Eleven months ago, when he won the election, Mr Netanyahu said he wanted to break the grip of the Labour-leaning Israeli establishment. He wanted his own men at the top of the army, police, secret service, judiciary and media. Mr Netanyahu's downfall is as much to do with this hard-fought battle for power in Israel as it has with any illegal acts he may have committed.
Senior officials in the State Attorney's office were divided yesterday on their response to the 995-page police report, compiled over three months, which recommends that Mr Netanyahu and three of his associates should be indicted. Edna Arbel, the State Attorney, who makes the final decision on whether or not to prosecute the Prime Minister, is reported to believe that she does not have enough evidence to convict him. But if she issues a damning report on his actions during the so-called "Bar-On affair" it may damage his government beyond repair.
Direct evidence of Mr Netanyahu's role in the scandal is flimsy. But there has never been much doubt about what the Prime Minister was trying to do when, in January, he appointed as attorney general Roni Bar-On, the chairman of the right-wing Betar football club in Jerusalem. (In Israel political allegiances percolate everywhere, including the soccer field.)
The attorney general has great influence. He is the chief prosecutor and legal adviser to the government. The only conceivable reason for Mr Netanyahu choosing Mr Bar-On, a small-time lawyer and a long-time member of the right-wing Likud party, was so that he would go easy on members and friends of the government suspected of criminal offences.
The most important of these was Aryeh Deri, the leader of Shas, a religious party which is part of Mr Netanyahu's coalition. The 37-year-old politician, with a soft smile and a pipe permanently in his mouth, once might have hoped to be prime minister himself. But in 1993 he was forced to step down as Interior Minister, and is on trial accused of fraud and accepting bribes. As his case began to draw to an end he allegedly tried to save himself from conviction by looking for a sympathetic attorney general, willing to offer him a plea bargain or an amnesty on the occasion of the 50th anniversary of Israeli independence next year.
Michael Ben-Yair, the previous highly regarded attorney general, resigned last December under heavy government pressure.

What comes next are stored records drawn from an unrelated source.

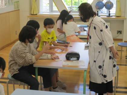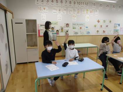 英会話クラブの様子です。今日は楽しい英語のビンゴゲームをしました。1から9までの数字を縦横3列ずつの枠に書き、先生が発音した数字毎に消していきます。数字の種類があまりないので、直ぐに「ビンゴ!」の人もいました。明るく楽しい雰囲気でした。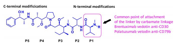 上图描述了auristatine及其常用的连接位点。金盏花素的构效关系(SAR)已被广泛研究,主要集中在末端亚单位:P1(N-末端)和P5(C-末端),最常见的方法是在P1上引入氨基甲酸酯功能。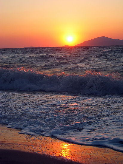 Bei etwas mehr Wellengang als bei der Hinfahrt kommen wir pünktlich um 17:30 im Hafen von Kos an. Lassen uns von einem Taxi nach Mastichari zu unserem letzten Quartier bringen. Nach 20 Minuten Fahrt sind wir in unserem Hotel "Princess of Kos". Das ist eine reine All-Inclusive-Enklave, was uns immerhin das Armband erspart. Wir bekommen ein Erdgeschoß-Zimmer in einem der vielen Häuschen am langen Weg zum Strand. Nach einer schnellen Erkundungstour und einem Begrüßungsschluck in der Mainbar beginnt die Schlacht am lauwarmen Buffet. Zum Dessert gönnen wir uns einen Schluck Ouzo und einen Spaziergang zum Strand mit kitschig schönem Sonnenuntergang.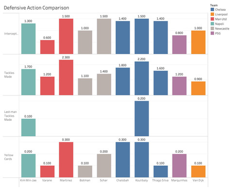 On the other hand, Chalobah contests about 3.6 aerial duels and 4.3 ground duels per game, with a success rate of 49.21% and 62.67% respectively. His number of attempts are on the middle of the scale, although his aerial duel success rate (49.21%) is the lowest on the list. Koulibaly contests in the last aerial duels among Chelsea’s defenders (3.1) with 54.10% win rate, but attempts the most on the ground (4.9) and wins 58.16% of them. In other words, he makes the second most ground duel attempts but has the second lowest success rate. An interesting statistic he has is that he made about 0.2 last-man tackles (tackle made in a situation where an attacking player is in possession, with only one opposing defender between the ball and the goal), and he is the only one on this list aside from Kim Min-Jae to have this data. He also has the most recoveries out of the Chelsea players, but loses possession second most frequently on the list.

He had forced Mr Netanyahu's Justice Minister out of office. He had indicted the right-wing mayor of Jerusalem, Ehud Olmert, for malpractice in an election. He was also known to oppose an amnesty. He said last week that the criticism of himself and the judicial authorities by high-ranking suspects had "one clear and cynical intention: to buy themselves immunity from the enforcement of the law".
Mr Netanyahu, Avigdor Lieberman, the director general of his office, and Tzahi Hanegbi, the Justice Minister, are accused by the police of doing a deal with Mr Deri, whereby Mr Bar-On was named attorney general in return for Shas party support. But the government found that it had gone too far. The judiciary and the legal profession, rising powers in Israel, objected so furiously to Mr Bar-On that he resigned within 24 hours.

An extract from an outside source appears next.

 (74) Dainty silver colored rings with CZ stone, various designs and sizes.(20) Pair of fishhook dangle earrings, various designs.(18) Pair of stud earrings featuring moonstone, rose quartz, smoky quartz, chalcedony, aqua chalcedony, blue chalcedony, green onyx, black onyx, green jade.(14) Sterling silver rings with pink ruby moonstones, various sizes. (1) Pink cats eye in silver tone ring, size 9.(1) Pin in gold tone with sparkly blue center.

There the matter might have rested, but on 22 January Ayalah Hasson, a TV reporter on Israel's state-owned Channel 1, said in a brief item that Mr Deri had threatened to block the US-brokered agreement with the Palestinians on Hebron, unless Mr Bar-On was appointed. The report dramatised the scandal and gave it a name: the "Bar-On for Hebron" affair. It was no longer a seedy backroom deal, but was affecting international politics.
Mr Netanyahu called the report "gibberish" and agreed to a police investigation. But it is now clear that he did not take the affair seriously enough, just as Richard Nixon at first underestimated Watergate, the inevitable analogy made by the press.

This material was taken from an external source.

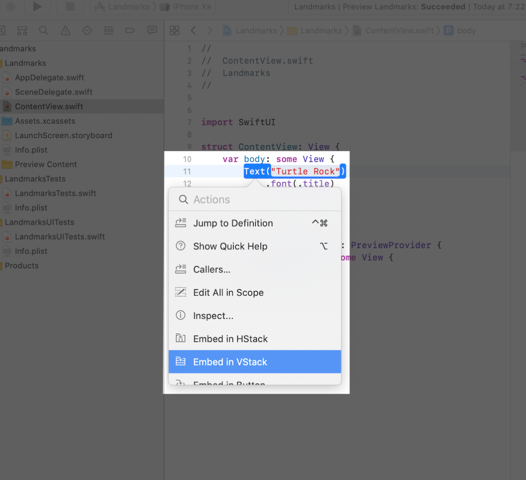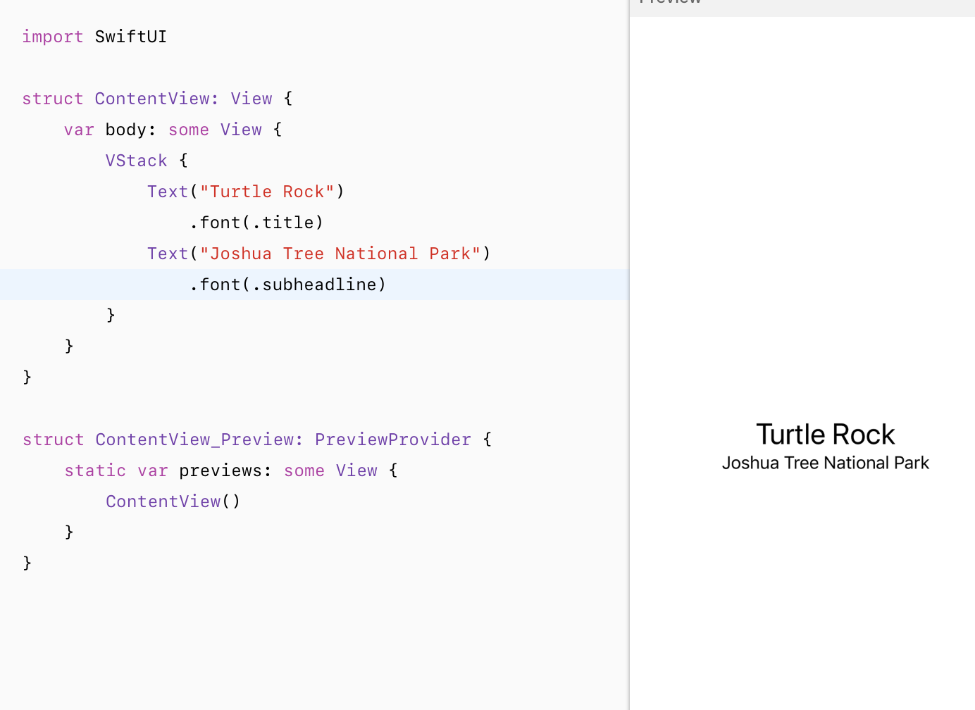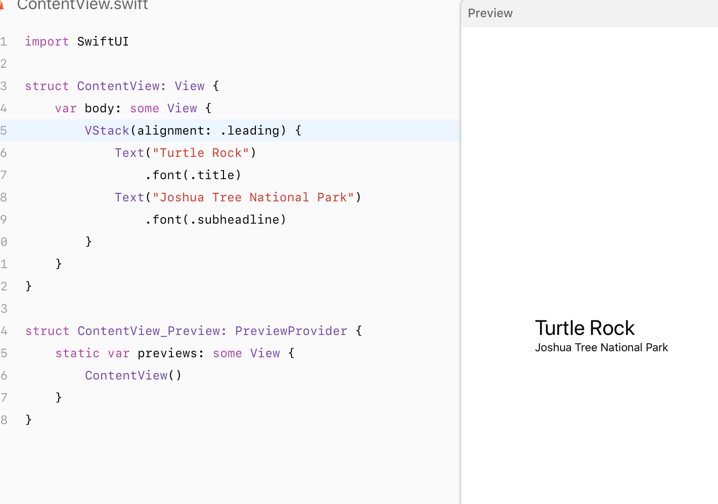 VStack 안에 넣어주자. 코드나 Preview 어디에 넣던지 상관없다.

Mr Netanyahu, like President Nixon, portrayed himself as the man who would break the grip of the establishment. He stopped senior officers negotiating with the Palestinians. He ignored the advice of the security services. He attacked state television and the press. In his arrogance, the Prime Minister underestimated the reaction to these attacks by his enemies in the press, bureaucracy and his own cabinet.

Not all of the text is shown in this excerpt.